Миссис Смит строго спросила:

— Вы коммунист, доктор Мажио?

Этот вопрос мне не раз хотелось задать ему. Интересно, что он ответит.

— Я верю, мадам, в будущее коммунизма.

— Я спросила, коммунист вы или нет.

— Детка, — сказал мистер Смит, — мы же не имеем права... — Он попытался ее отвлечь. — Дай я налью тебе еще немного истрола.

— Здесь коммунисты, мадам, вне закона. Но с тех пор, как прекратилась американская помощь, нам разрешается изучать коммунизм. Коммунистическая пропаганда запрещена, труды Маркса и Ленина — нет; это очень тонкое различие. Поэтому я и говорю, что верю в будущее коммунизма; это чисто философская точка зрения.

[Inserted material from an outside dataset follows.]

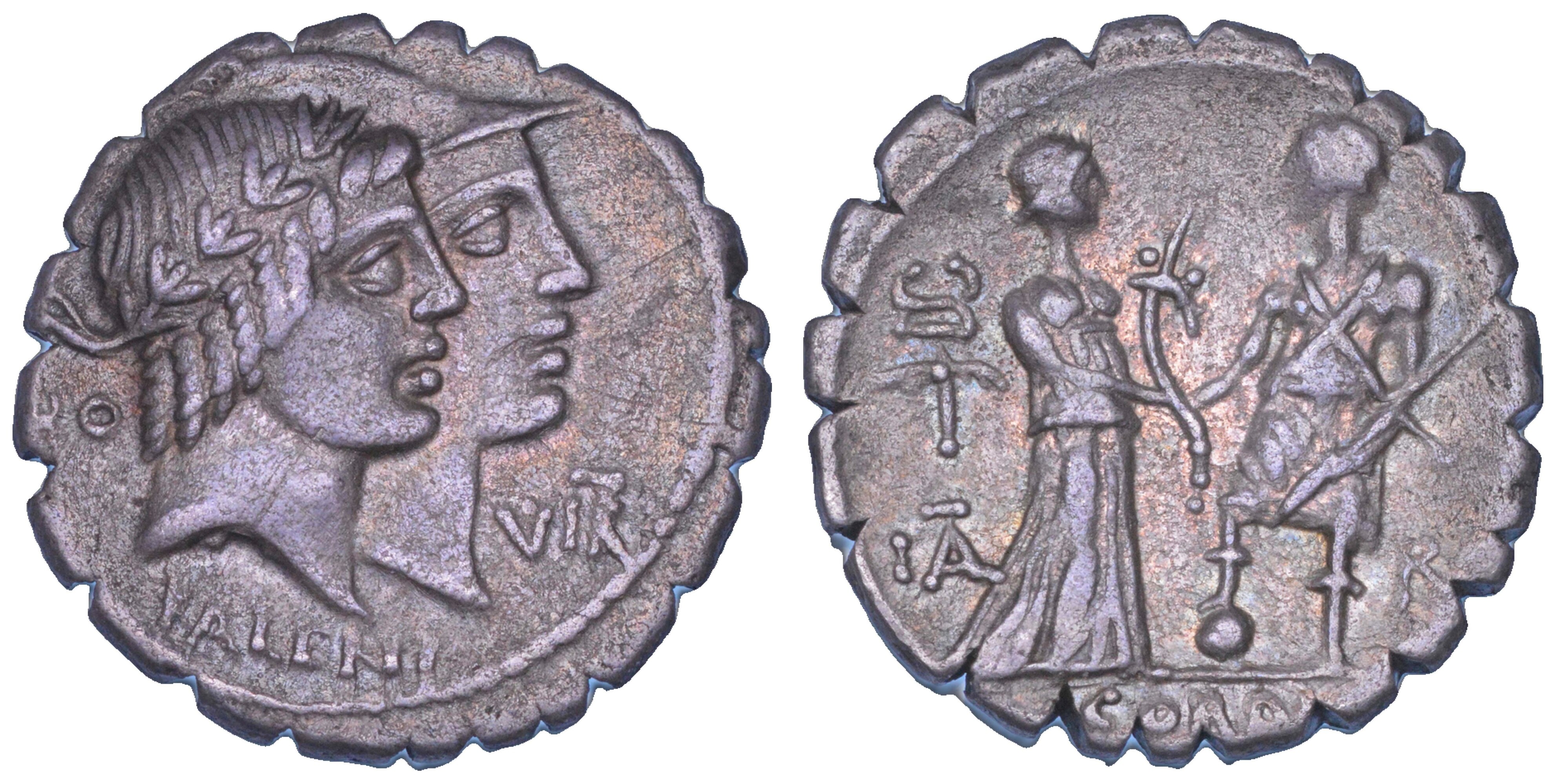 FUFIA. Q. Fufius Calenus and Mucius Cordus, 68 a.C. Denario serrato.

Я слишком много выпил. Поэтому я сказал:

— Вы мне напоминаете молодого Филипо, который верит в будущее пулемета.

Доктор Мажио возразил:

— Мучеников не переубедишь. Можно только сократить их число. Если бы я жил во времена Нерона и знал какого-нибудь христианина, я попытался бы спасти его от львов. Я сказал бы ему: «Живи со своей верой. Зачем с ней умирать?»

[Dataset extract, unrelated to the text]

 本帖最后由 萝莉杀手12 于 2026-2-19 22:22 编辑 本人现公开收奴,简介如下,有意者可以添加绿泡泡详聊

— Это малодушный совет, доктор, — сказала миссис Смит.

— Я с вами не согласен, миссис Смит. В западном полушарии — и в Гаити, и в других местах — мы живем под тенью вашей великой и богатой державы. Надо много мужества и терпения, чтобы не потерять голову. Я восхищаюсь кубинцами; но хотелось бы верить в то, что они не потеряют голову, и в их конечную победу.

2

Я не сказал им тогда за обедом, что богач нашелся и в эту ночь, где-то в горах за Кенскоффом должен состояться религиозный обряд. Мне рассказал это по секрету Жозеф, да и то только потому, что попросил подвезти его туда на машине. Если бы я отказал, он, несомненно, потащился бы пешком в такую даль, невзирая на покалеченную ногу. Было уже за полночь; мы проехали что-то около двенадцати километров и, выйдя из машины на дорогу за Кенскоффом, услышали бой барабанов, тихий, как напряженное биение пульса. Казалось, сама жаркая ночь лежит там задыхаясь. Впереди мы увидели шалаш с кровлей из пальмовых листьев, открытый всем ветрам, мерцание свечей и белое пятно.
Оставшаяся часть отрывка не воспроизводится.